## Problem description:
Starting with the line below that holds "CP: 09/2021,Iveco,Daily,Van,Automatic,Spring,Diesel,83464 (Kms." and stopping after the line that holds "Aljafería ist eine", transcribe the lines exactly, leaving out all pictures.

***** Exercise inputs

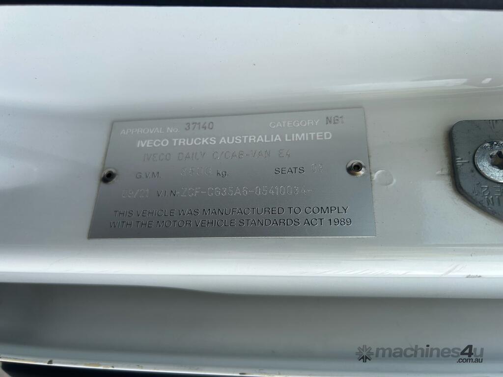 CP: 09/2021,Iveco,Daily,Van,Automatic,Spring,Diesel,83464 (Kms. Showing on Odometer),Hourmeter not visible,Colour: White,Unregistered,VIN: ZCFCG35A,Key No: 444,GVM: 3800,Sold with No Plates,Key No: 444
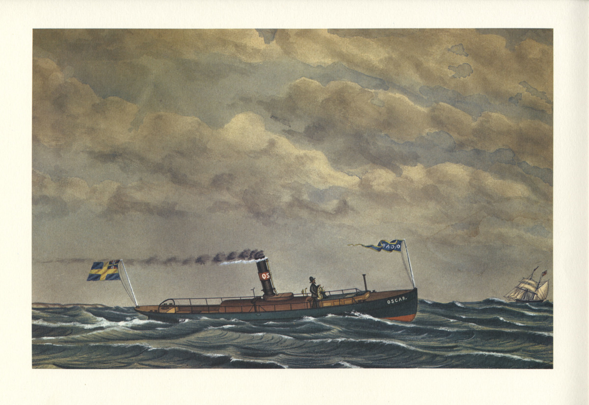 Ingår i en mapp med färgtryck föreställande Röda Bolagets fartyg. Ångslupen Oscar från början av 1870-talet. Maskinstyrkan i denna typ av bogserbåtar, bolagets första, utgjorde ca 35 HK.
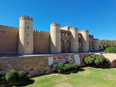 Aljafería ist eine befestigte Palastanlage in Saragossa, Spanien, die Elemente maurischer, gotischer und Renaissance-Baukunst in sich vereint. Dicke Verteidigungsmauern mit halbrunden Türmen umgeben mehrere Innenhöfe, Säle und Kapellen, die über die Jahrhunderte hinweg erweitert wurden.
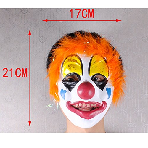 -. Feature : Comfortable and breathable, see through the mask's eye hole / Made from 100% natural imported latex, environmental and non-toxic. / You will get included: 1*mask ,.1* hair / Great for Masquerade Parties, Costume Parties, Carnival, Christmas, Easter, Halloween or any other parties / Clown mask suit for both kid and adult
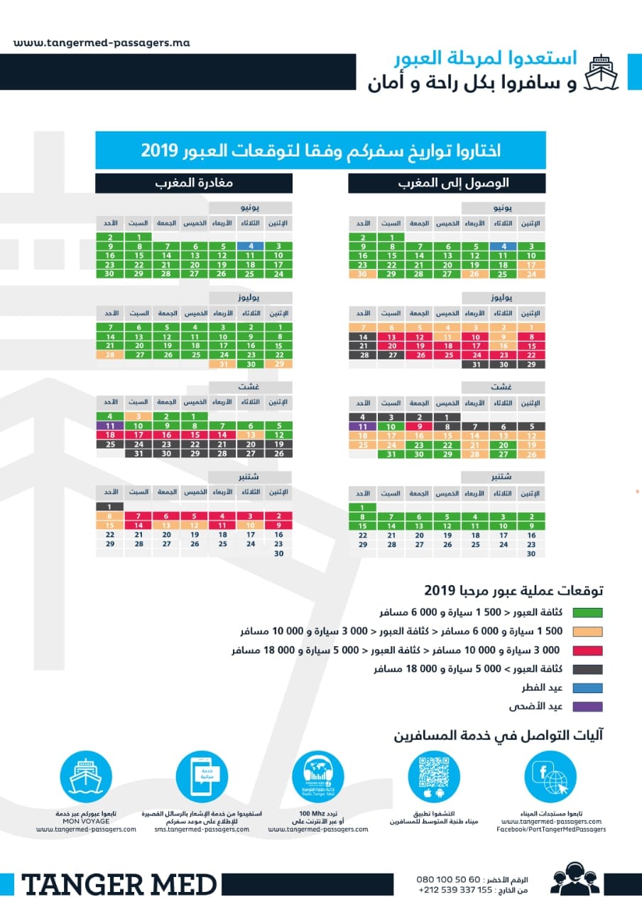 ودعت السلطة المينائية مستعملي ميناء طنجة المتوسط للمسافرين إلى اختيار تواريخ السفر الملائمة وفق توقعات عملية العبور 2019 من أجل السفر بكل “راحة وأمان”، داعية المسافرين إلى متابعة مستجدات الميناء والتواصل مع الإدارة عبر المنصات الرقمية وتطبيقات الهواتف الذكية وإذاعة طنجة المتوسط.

**********
***** Exercise inputs

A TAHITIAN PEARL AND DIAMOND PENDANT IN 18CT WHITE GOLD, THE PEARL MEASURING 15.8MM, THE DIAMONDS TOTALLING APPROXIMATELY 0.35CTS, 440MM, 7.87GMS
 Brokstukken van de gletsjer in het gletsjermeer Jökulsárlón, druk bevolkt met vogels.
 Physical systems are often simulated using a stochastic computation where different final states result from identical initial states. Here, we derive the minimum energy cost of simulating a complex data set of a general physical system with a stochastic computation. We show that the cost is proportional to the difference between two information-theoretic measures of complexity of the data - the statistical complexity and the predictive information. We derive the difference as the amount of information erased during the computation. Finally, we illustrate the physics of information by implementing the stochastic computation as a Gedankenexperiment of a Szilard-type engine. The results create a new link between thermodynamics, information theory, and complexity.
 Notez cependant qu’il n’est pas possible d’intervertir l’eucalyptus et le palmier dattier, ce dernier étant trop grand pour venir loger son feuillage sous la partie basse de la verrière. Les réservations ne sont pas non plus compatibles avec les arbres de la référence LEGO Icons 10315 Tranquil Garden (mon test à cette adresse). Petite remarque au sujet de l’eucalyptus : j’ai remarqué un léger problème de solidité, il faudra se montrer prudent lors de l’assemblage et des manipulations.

**********

## Written response:
 CP: 09/2021,Iveco,Daily,Van,Automatic,Spring,Diesel,83464 (Kms. Showing on Odometer),Hourmeter not visible,Colour: White,Unregistered,VIN: ZCFCG35A,Key No: 444,GVM: 3800,Sold with No Plates,Key No: 444
 Ingår i en mapp med färgtryck föreställande Röda Bolagets fartyg. Ångslupen Oscar från början av 1870-talet. Maskinstyrkan i denna typ av bogserbåtar, bolagets första, utgjorde ca 35 HK.
 Aljafería ist eine befestigte Palastanlage in Saragossa, Spanien, die Elemente maurischer, gotischer und Renaissance-Baukunst in sich vereint. Dicke Verteidigungsmauern mit halbrunden Türmen umgeben mehrere Innenhöfe, Säle und Kapellen, die über die Jahrhunderte hinweg erweitert wurden.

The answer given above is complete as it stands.